(Exercise objective) Using the listing below, retype exactly the lines starting at the one with "Агрохимикат (пестицид) Янтарин, ВРК" and ending at the one with "하트꽃 목산호 브로치", and include both.

(Supplied material)

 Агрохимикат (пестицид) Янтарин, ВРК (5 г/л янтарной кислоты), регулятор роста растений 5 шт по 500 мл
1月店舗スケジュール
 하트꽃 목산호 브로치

...

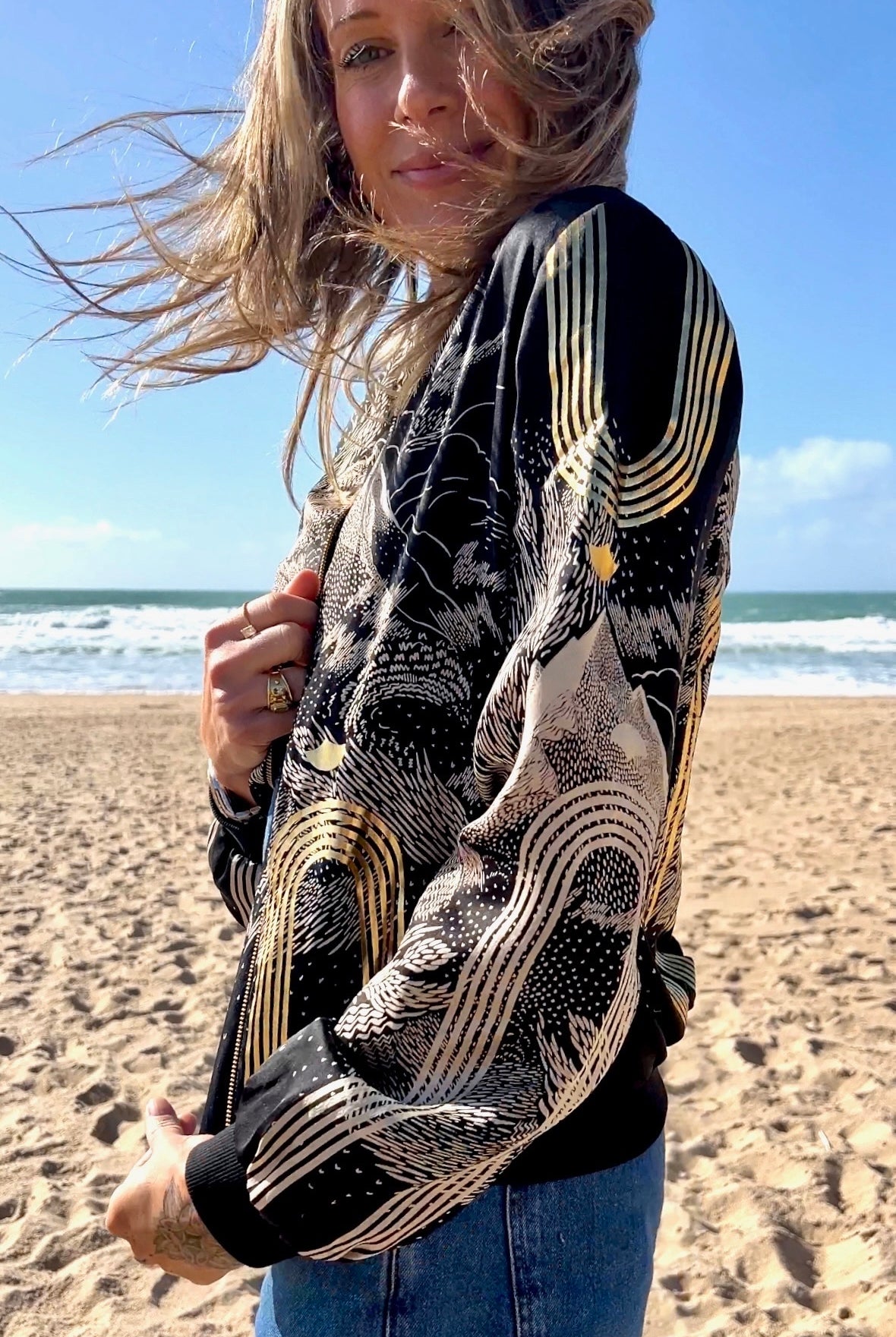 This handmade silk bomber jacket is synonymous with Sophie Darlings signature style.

--

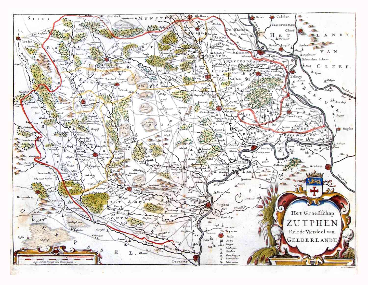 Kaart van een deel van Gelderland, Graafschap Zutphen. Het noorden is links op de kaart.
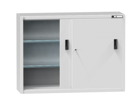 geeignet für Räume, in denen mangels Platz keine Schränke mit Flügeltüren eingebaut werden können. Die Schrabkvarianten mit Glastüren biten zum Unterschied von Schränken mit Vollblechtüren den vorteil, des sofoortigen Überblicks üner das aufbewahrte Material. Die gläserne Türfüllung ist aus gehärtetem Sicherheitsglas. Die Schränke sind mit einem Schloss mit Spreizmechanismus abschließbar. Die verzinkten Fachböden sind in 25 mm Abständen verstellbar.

(Solution to this problem)
 Агрохимикат (пестицид) Янтарин, ВРК (5 г/л янтарной кислоты), регулятор роста растений 5 шт по 500 мл
1月店舗スケジュール
 하트꽃 목산호 브로치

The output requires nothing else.